What is being asked =
Find the line below with "Ciudad Victoria, Tamaulipas.- Con" and the line with "落ち葉がいっぱいの道。なんだか明るいのは、". Output them and the lines between, exactly, but not the pictures.

### Dataset records ###

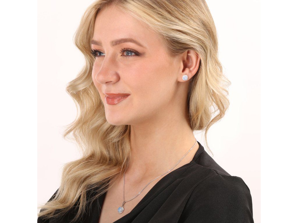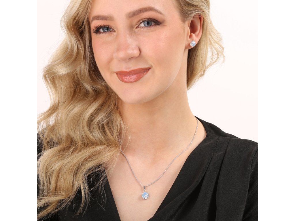 Ozdobte se elegantními a jednoduchými šperky ze soupravy 39352.7, které se hodí k jakémukoliv outfitu.Sada 39352.7 obsahuje náušnice pecky a řetízek s přívěskem. Šperky jsou vyrobeny ze stříbra ryzosti 925/1000, které prošlo povrchovou úpravou rhodiem. Rhodium chrání šperk proti zčernání, zežloutnutí i poškrábání. Přívěšek i náušnice jsou zdobeny kulatým Swarovski krystalem v barvě modrého opálu, který je navíc olemován ještě malými třpytivými Swarovski krystalky v bílé barvě. Náušnice mají zapínání na spolehlivý balónek. Jelikož šperky neobsahuji žádný přídavek niklu, mohou je bez obav nosit i alergici.
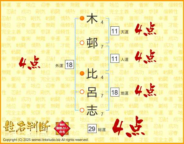 木邨比呂志さんの総運は29画の4点!
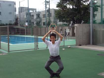 朝から暑くなっています。本日の水泳指導、実施します。昨日は残念そうだった直江先生も今日は笑顔でした!松木先生と二重丸♪
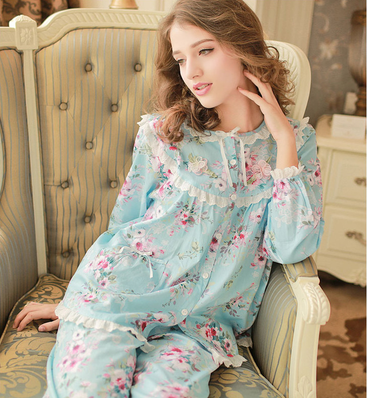 100%睡衣女春秋款长袖纯棉韩版清新学生秋冬全棉家居服月子服套装
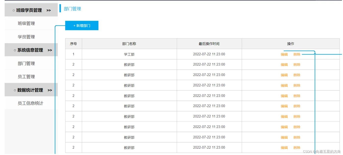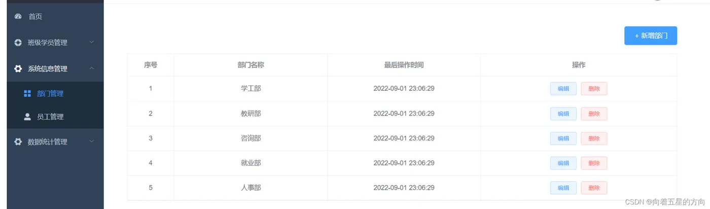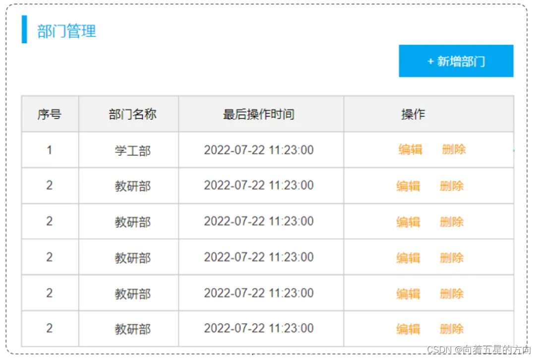 -- 部门管理 create table dept( id int unsigned primary key auto_increment comment '主键ID', name varchar(10) not null unique comment '部门名称', create_time datetime not null comment '创建时间', update_time datetime not null comment '修改时间' ) comment '部门表'; -- 部门表测试数据 insert into dept (id, name, create_time, update_time) values(1,'学工部',now(),now()),(2,'教研部',now(),now()),(3,'咨询部',now(),now()), (4,'就业部',now(),now()),(5,'人事部',now(),now());
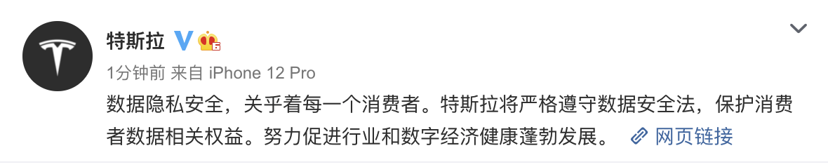 6月11日上午,@特斯拉 微博发布公告称:“数据隐私安全,关乎着每一个消费者。特斯拉将严格遵守数据安全法,保护消费者数据相关权益。努力促进行业和数字经济健康蓬勃发展。”
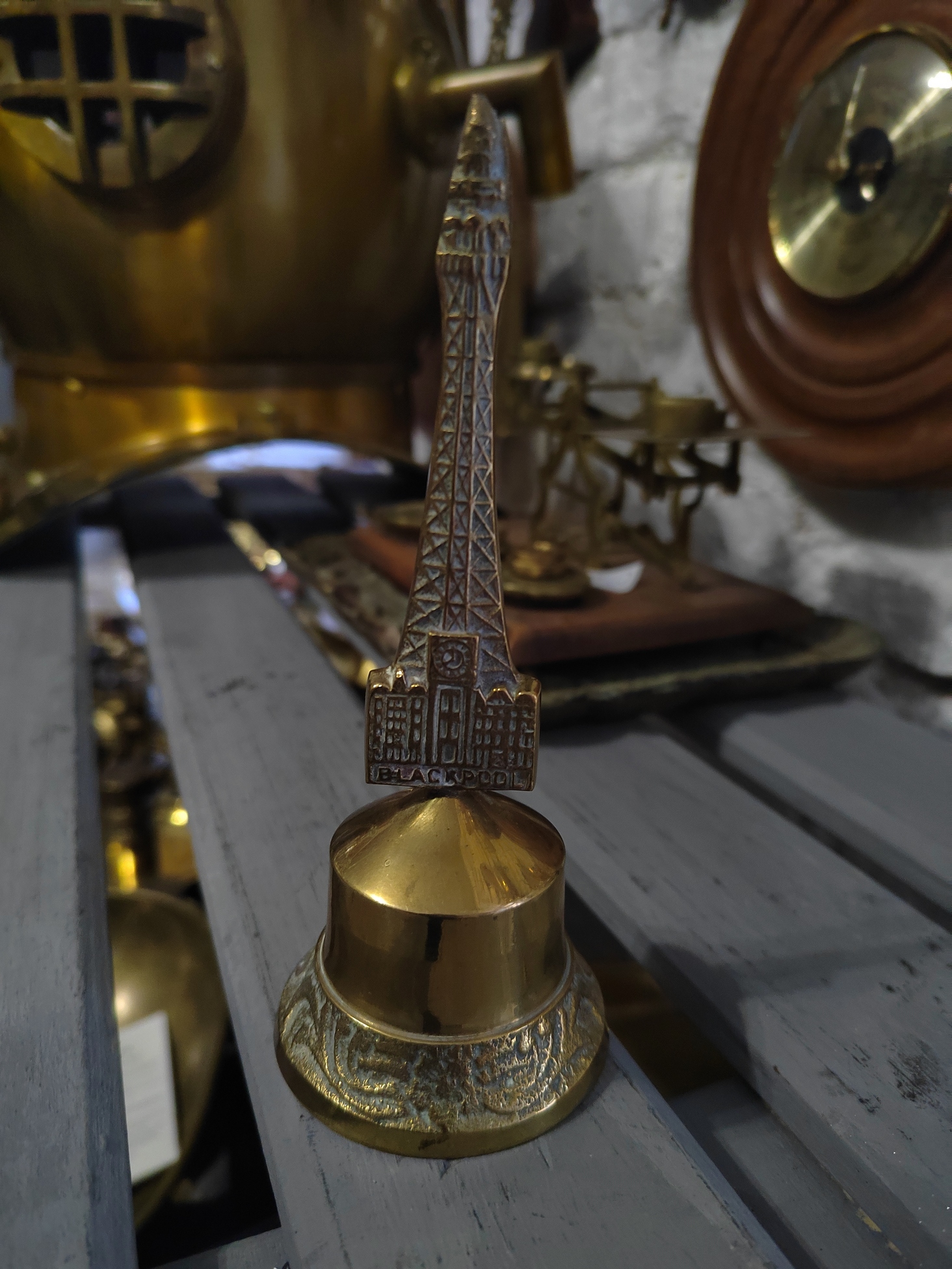 Антикварный коллекционный подзывной колокольчик. Создан в 20 веке в Англии, отлит из латуни. Оформлен в виде высокой башни английского города Blackpool. Колокольчик сохранился в прекрасном состоянии. Настольный вызывной колокольчик использовался для вызова слуг в домах знати, чтобы хозяйке не приходилось кричать, если что-то понадобится. Был широко распространен в высшем свете. Великолепный, редкий коллекционный экземпляр. Может использоваться по назначению или стать частью коллекции. Все лоты выставлены на нескольких площадках поэтому, пожалуйста, перед покупкой уточняйте наличие.
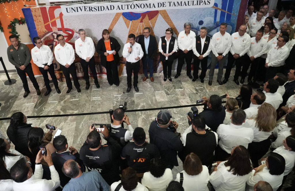 Ciudad Victoria, Tamaulipas.- Con el respaldo del gobernador Américo Villarreal Anaya, la Universidad Autónoma de Tamaulipas (UAT) ha alcanzado avances históricos que la posicionan entre las instituciones de educación superior con mayor reconocimiento a nivel nacional, afirmó el rector Dámaso Anaya Alvarado durante la salutación de Año Nuevo con autoridades universitarias.
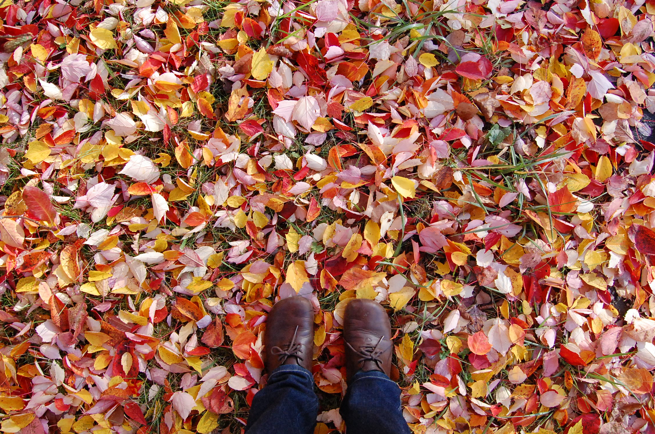 落ち葉がいっぱいの道。なんだか明るいのは、
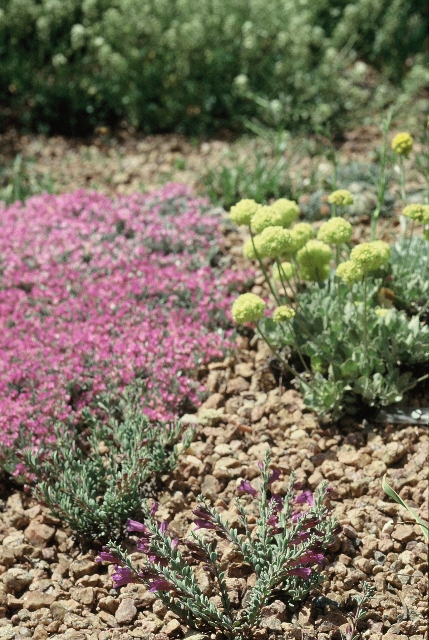 The choicest milkvetch in the immediate Denver area is this tiny cushion plant: pretty much restricted to the foothill rock outcrops near Denver up to central Wyoming. It can make huge cushions, like vegetable sheep, in parts of it range. It is one of a half dozen "Orophaca": this has been used as a sectional name and also an attempted generic. They are the densest, most wonderful cushion plants in the genus--centered in Wyoming and northern Colorado. Astragalus gilviflorus shown in the other post is in this group (the least cushiony of all). The biggest cushions are formed by Astragalus hyalinus, and those can be three feet across and very hummocky. Alas, it has inconspicuous lilac flowers. The real queens of the Orophaca section are A. tridacylicus, A. sericoleucus and A. aretioides, all of them forming dense cushions studded with tiny pink flowers: they are distinguished by all sorts of minutiae, and all three are worth growing. This one was in my old garden on Eudora: must get it back! The yellow is Eriogonum ovalifolium from the Uinta Basin. Penstemon thompsoniae in front.
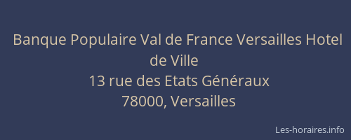 Voici les horaires de Banque Populaire Val de France Hotel de Ville situé à Versailles,
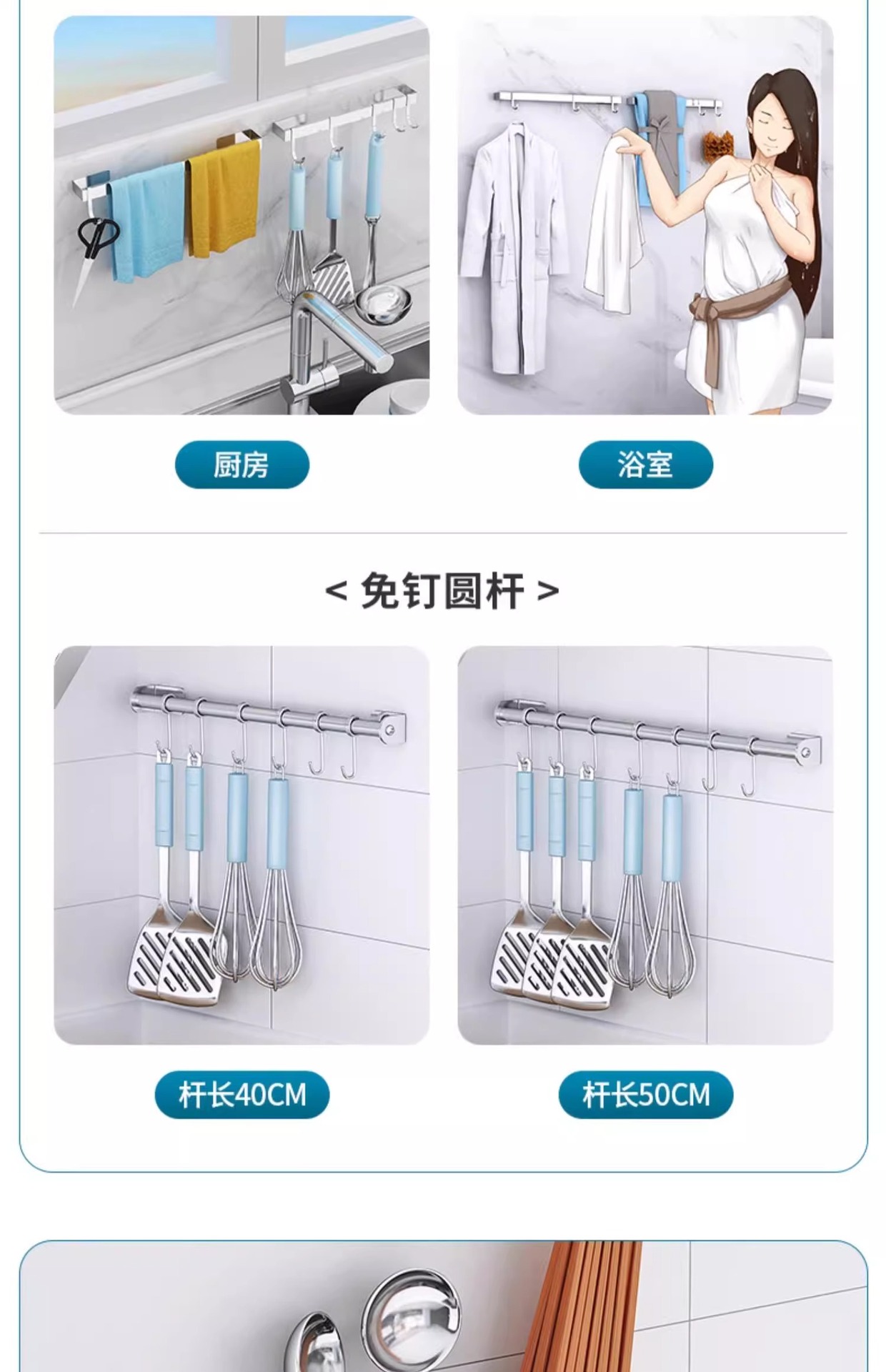 • 못이 없는 50cm 걸이봉(걸이봉 6개 포함)
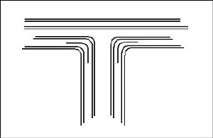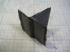 今回のPLY数は左図の通り。2重線は2枚貼り合せを示しています。 160g/uカーボン×8PLY、曲がり部には198gカーボン×2PLY×2 これで十分な強度が得られました。 |
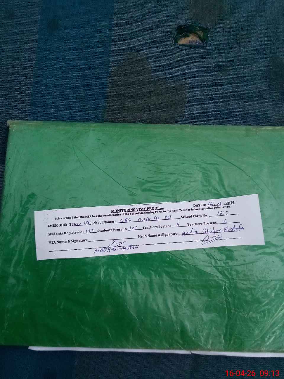| Attendance Register | Head Teacher | MEA with School | Visit Proof |
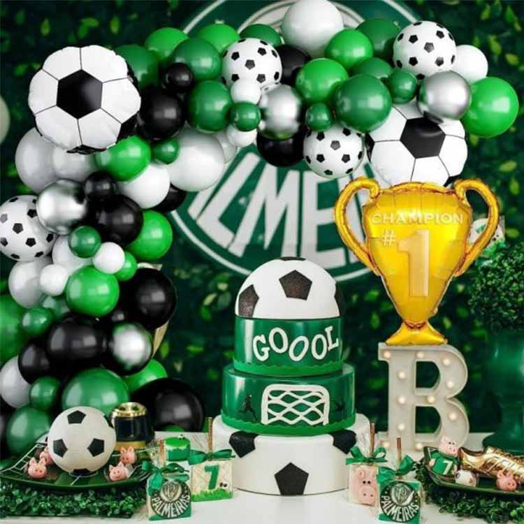 축구 테마의 풍선 아치 키트는 라텍스 풍선, 호일 풍선 및 조립 도구를 포함한 101개의 구성 요소로 구성됩니다. 직경 2~3m의 아치 모양의 장식 배경을 만들 수 있습니다.
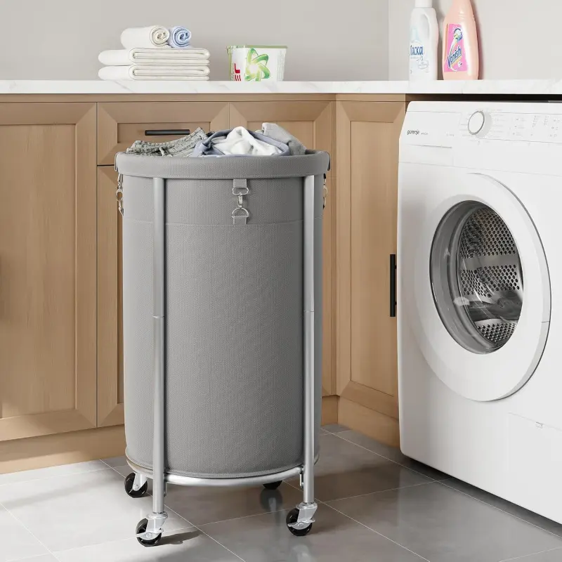 Easy to Move & Lock: The Round Laundry Cart is equipped with 4 smooth-rolling casters, including 2 locking wheels, allowing you to easily maneuver it to the laundry room and securely stabilize it during use. With its functional design, this laundry basket is ideal for organizing your life. It can be for storage in hotels, inns, laundry rooms dorms, and more, also suitable for families for daily laundry storage needs
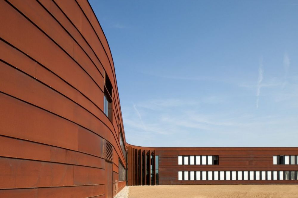 D’une géométrie courbe, compacte, épousant naturellement le relief du site, les deux bâtiments principaux sont en forme de S, reliés au centre par un hall qui dessert toutes les fonctions permettant aux lycéens et équipes pédagogiques un gain de confort et une facilité de déplacement.
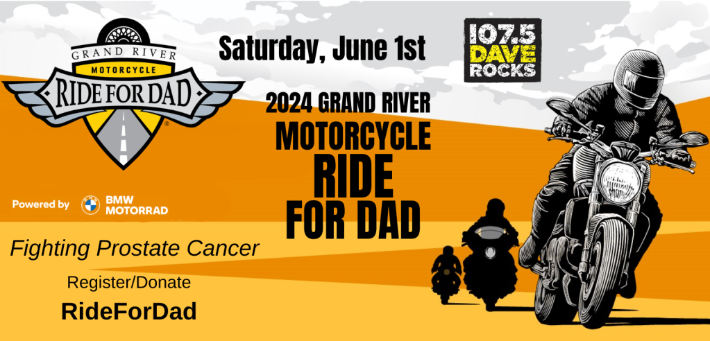 Riders will leave the Sportsworld parking lot at 9:30am, led by Waterloo Regional Motorcycle Officers. Approximately 500 motorcycles will be flying Ride For Dad flags and parading to promote Prostate Cancer Awareness.
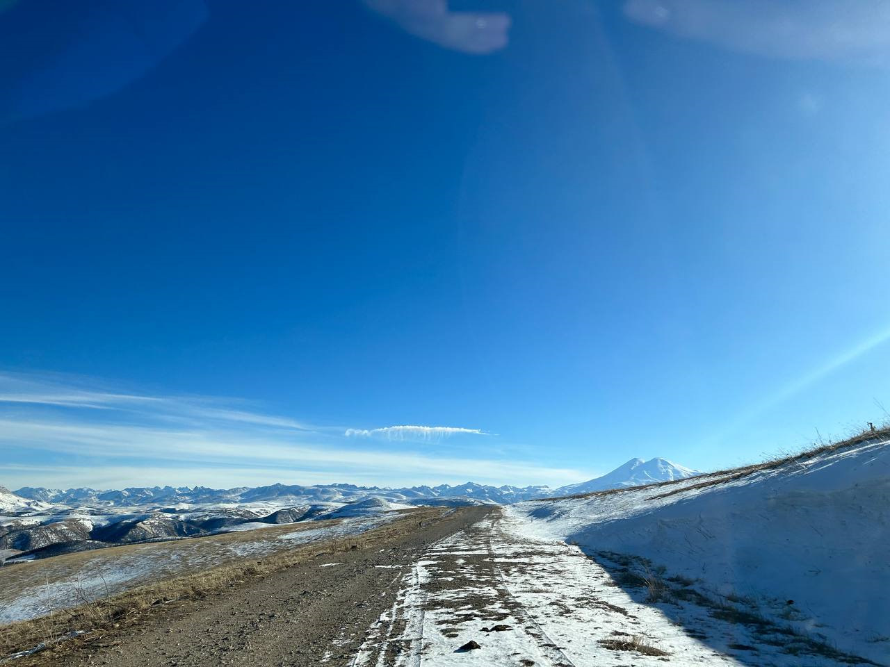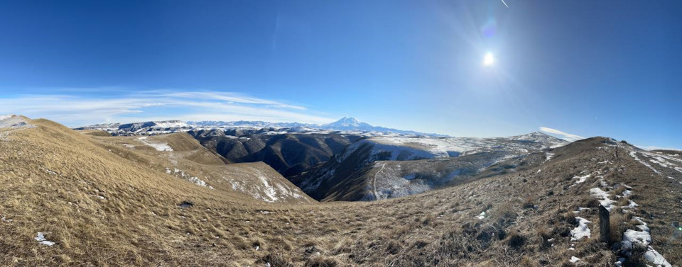 Спускаемся вниз по дороге, то и дело открывается вид на Эльбрус — главную вершину

###

Exercise response =
 Ciudad Victoria, Tamaulipas.- Con el respaldo del gobernador Américo Villarreal Anaya, la Universidad Autónoma de Tamaulipas (UAT) ha alcanzado avances históricos que la posicionan entre las instituciones de educación superior con mayor reconocimiento a nivel nacional, afirmó el rector Dámaso Anaya Alvarado durante la salutación de Año Nuevo con autoridades universitarias.
 落ち葉がいっぱいの道。なんだか明るいのは、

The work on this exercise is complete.